Liam Kerrigan

Personal information
- Full name: Liam Thomas Kerrigan
- Date of birth: 9 May 2000 (age 26)
- Place of birth: Sligo, Ireland
- Height: 1.71 m (5 ft 7 in)
- Positions: Midfielder; winger; striker;

Team information
- Current team: Renate
- Number: 47

Youth career
- 2015–2018: Sligo Rovers

Senior career*
- Years: Team / Apps / (Gls)
- 2018–2019: Sligo Rovers / 23 / (0)
- 2019–2022: UCD / 74 / (20)
- 2022–2025: Como / 12 / (1)
- 2024: → Novara (loan) / 9 / (0)
- 2024–2025: → Beveren (loan) / 25 / (1)
- 2025–2026: Ternana / 16 / (4)
- 2026–: Renate / 0 / (0)

International career
- 2022: Republic of Ireland U21 / 3 / (1)

= Liam Kerrigan =

Irish footballer (born 2000)

Liam Thomas Kerrigan (born 9 May 2000) is an Irish professional footballer who plays as a forward for club AC Renate.

==Club career==
Tubbercurry, County Sligo native Kerrigan started his career with Sligo Rovers. After three years with UCD, he signed for Como in Serie B in July 2022. On 21 August 2022, Kerrigan made his league debut for the club and also scored his first goal for the club in a 2–2 draw away to Pisa. Kerrigan suffered a long term injury in September 2022, tearing his anterior cruciate ligament. He made his return on 13 August 2023, when he made his first appearance in just under a year by coming off the bench in a 1–0 loss away to Serie A side Lecce in the Coppa Italia.

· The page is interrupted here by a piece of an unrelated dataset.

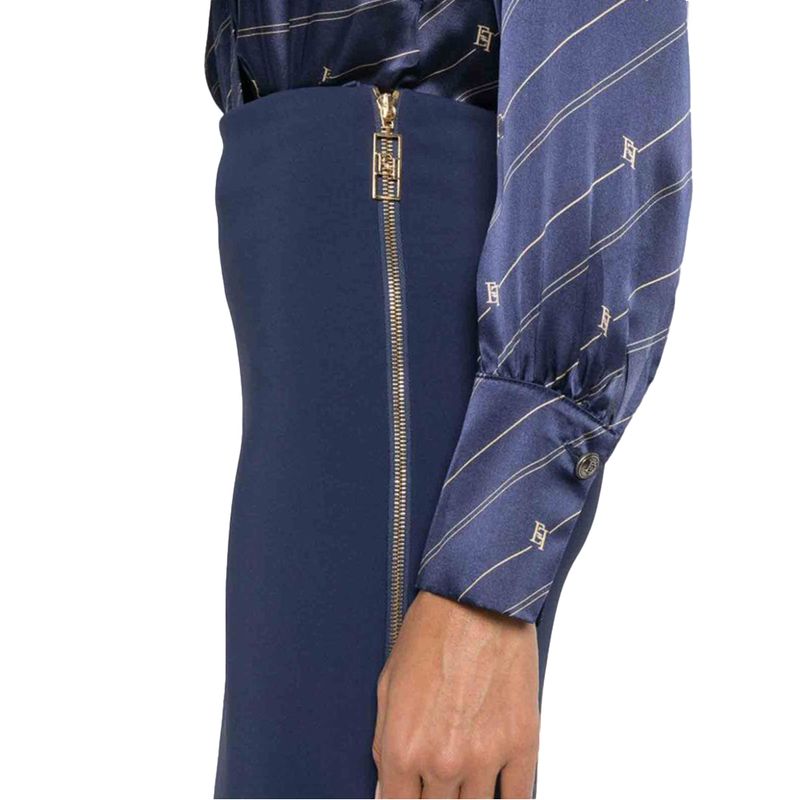 Falda midi de corte lápiz Elisabetta Franchi para mujer, confeccionada en tejido elástico de alta calidad que ofrece comodidad y un ajuste preciso. Su diseño minimalista se realza con cierres laterales decorativos en el bajo, aportando un toque moderno y sofisticado sin perder elegancia. Presenta una silueta recta que estiliza la figura femenina y terminaciones limpias que garantizan un acabado impecable. Ideal para looks formales, outfits de oficina o combinaciones elegantes de día y noche, esta falda rleja el estilo rinado y contemporáneo característico de Elisabetta Franchi

On 26 January 2024, Kerrigan moved on loan to Serie C club Novara until the end of the season.

On 30 August 2024, Kerrigan signed for Belgian side Beveren on loan.

On 21 August 2025, Kerrigan signed a two-year contract with Serie C side Ternana. He scored 4 goals in 20 appearances with Ternana, before departing the club at the end of the season after they entered bankruptcy, with the squad not paid several months of their wages.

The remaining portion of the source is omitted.